The U.S. Securities and Exchange Commission adopted a rule June 22 expanding the definition of the “family office” exclusion under the Investment Advisers Act of 1940. The SEC rule incorporated several suggestions made by the American Institute of Certified Public Accountants.
Historically, family offices were not required to register with the SEC because the Investment Advisers Act provided an exemption to investment advisers who had fewer than 15 clients. The exemption was removed by the Dodd-Frank Wall Street Reform and Consumer Protection Act so the SEC could regulate hedge funds and other private equity fund advisers, but Dodd-Frank mandated that the SEC define family offices so that they would not have to register under the Investment Advisers Act.
The final rule states that a family office is exempt from registration if it provides investment advice only to “family clients,” is wholly owned by family clients and is exclusively controlled by family members and/or family entities, and does not hold itself out to the public as an investment adviser.

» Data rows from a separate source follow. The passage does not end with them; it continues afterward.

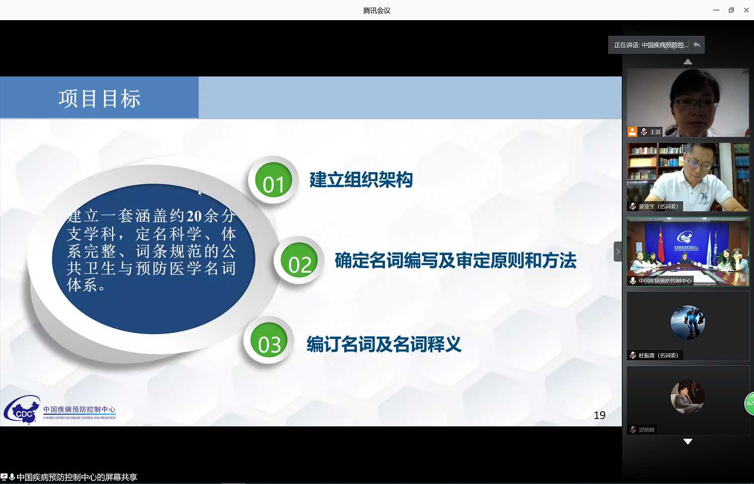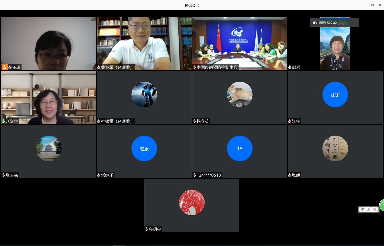 7月10日,全国科技名词委召开公共卫生与预防医学名词审定项目评审视频会议。公共卫生与预防医学名词审定项目评审组由国家卫生健康委疾控局常继乐局长、中华预防医学会秘书长梁晓峰研究员、中科院科学传播局领导班子成员徐雁龙、北京大学公共卫生学院郭岩教授、北京协和医学院公共卫生学院江宇教授、中华预防医学会慢病分会赵文华研究员、中科院文献情报中心科学计量中心主任杨立英研究员组成,其中郭岩教授为评审组组长。作为项目承担单位,中国疾控中心出席会议的专家有中国疾控中心副主任、研究生院执行院长刘剑君研究员,中国疾控中心教育处处长、研究生院副院长罗会明主任医师,流行病学办公室主任么鸿雁研究员、亓晓副研究员,中国疾控中心教育处马静副研究员、刘梦冉助理研究员。全国科技名词委专职副主任裴亚军、医学名词审定委员会秘书长张玉森、事务中心主任助理张晖、科研办主任王琪、科信部副主任杜振雷参加会议。会议由王琪主持。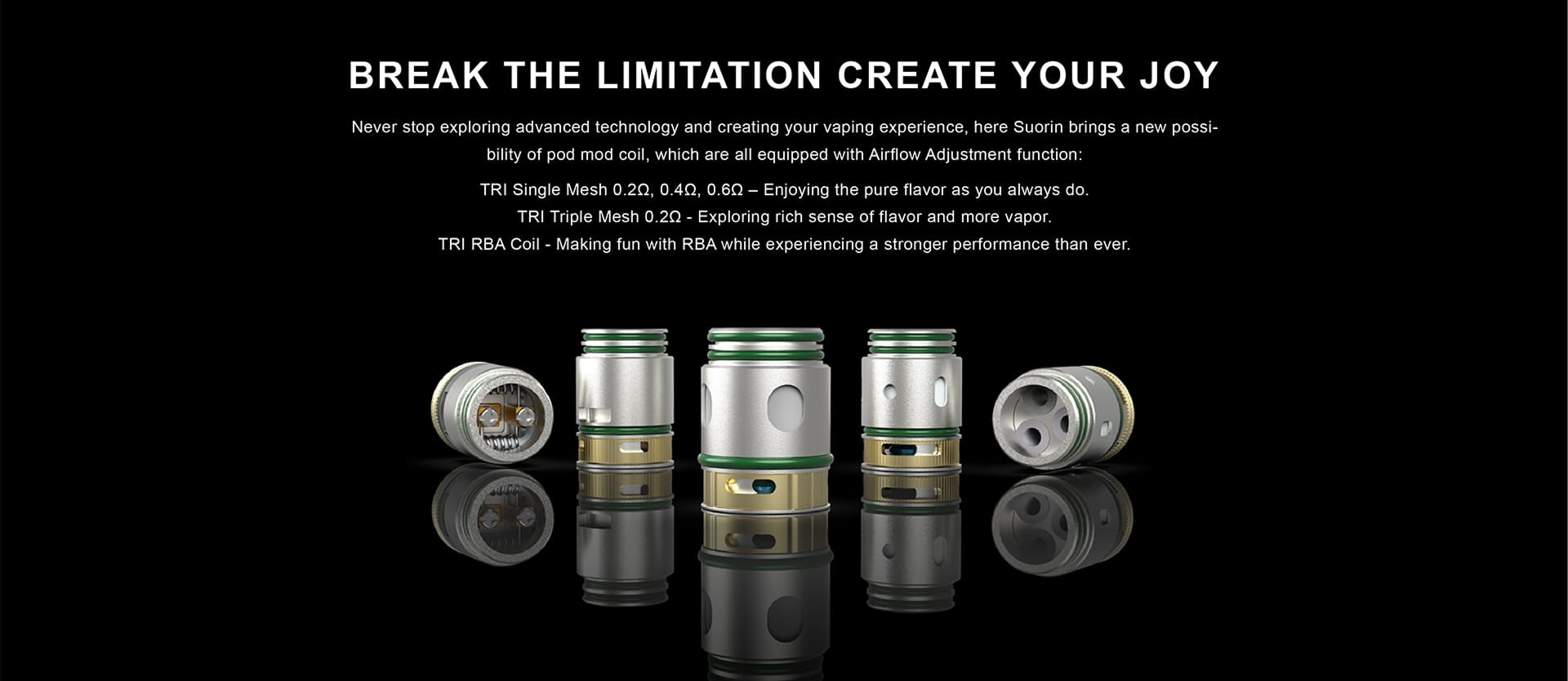 Дана обслуговувана база розроблена спеціально для потужних под-модів від Suorin, які працюють на платформі випарників серії TRI. Вона встановлюється в картридж замість заводського змінного випарника та підходить для таких моделей:
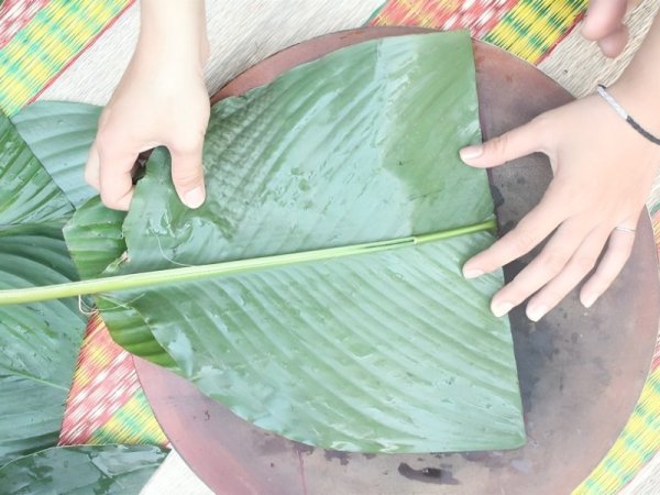 - Bạn đặt 2 chiếc lá dong sao cho vuông góc với nhau và úp mặt phải của lá xuống dưới.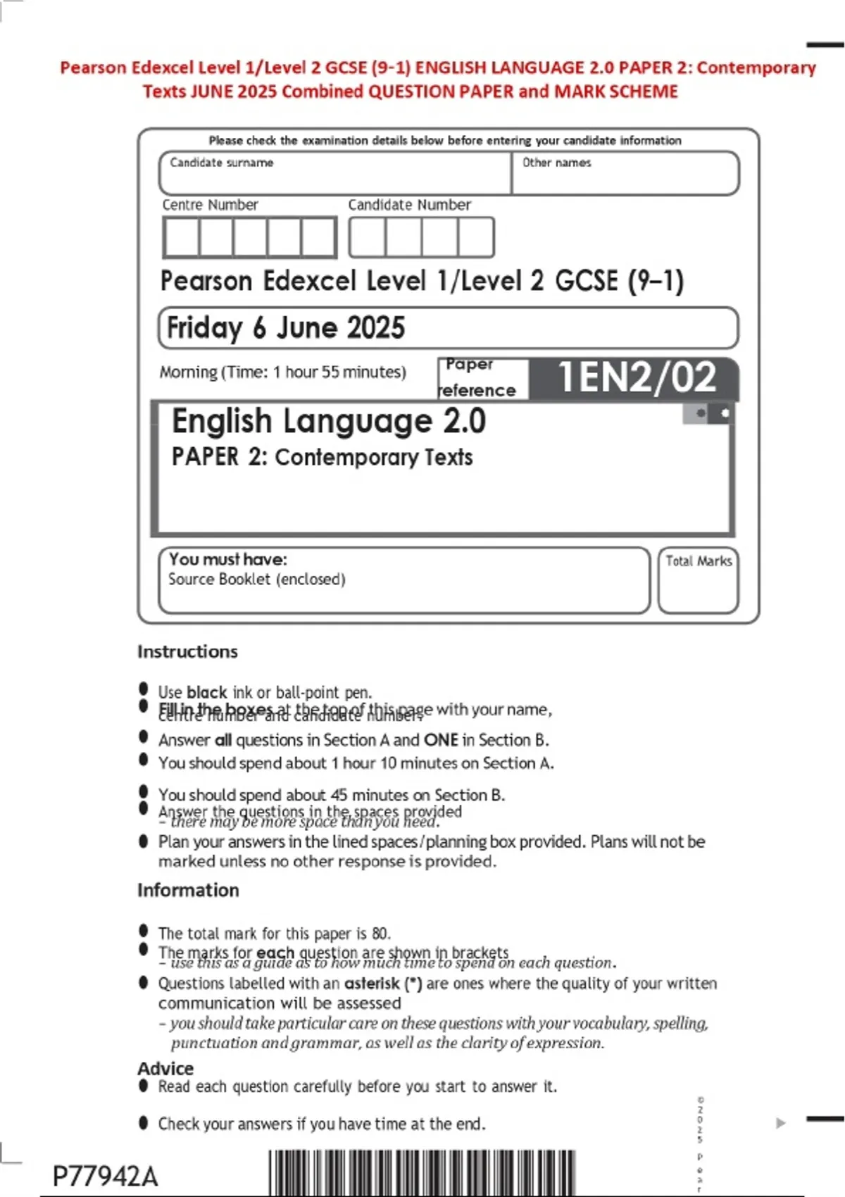 Pearson Edexcel Level 1/Level 2 GCSE (9–1) ENGLISH LANGUAGE 2.0 PAPER 2: Contemporary Texts JUNE 2025 Combined QUESTION PAPER and MARK SCHEME

As the AICPA and others suggested, the SEC adopted an approach that permits a family to choose a common ancestor (who may be deceased) and define family members by reference to the degree of lineal kinship to the designated relative. In order to prevent families from choosing an extremely remote ancestor, which could allow commercial advisory businesses to rely on the rule, the SEC is imposing a 10 generation limit between the oldest and youngest generation of family members. Such a limit would constrain the scope of persons considered family members while accommodating the typical number of generations served by most family offices.
The SEC adopted another AICPA suggestion regarding the transition period provided for relief for involuntary transfers. It has been extended from a four month transition period to one year.
A suggestion made by the AICPA and others that the SEC expand who may own the family office from “family members” to “family clients” was agreed to by the SEC.
If family offices do not meet the terms of the exclusion, they will have to register with the SEC or applicable state securities authorities by March 30, 2012. A family office that does not meet the conditions of the rule may petition for an exemptive order from the SEC. Existing exemptive orders will not be rescinded. The rule allows for a longer transition period (through Dec. 31, 2013) for the termination of relationships with charitable entities or non-profit organizations that are not exclusively funded by the family.
The AICPA’s comment letter, a Journal of Accountancy article summarizing the AICPA’s recommendations and a comparison of the AICPA’s recommendations with the SEC’s final rule are available on the AICPA website.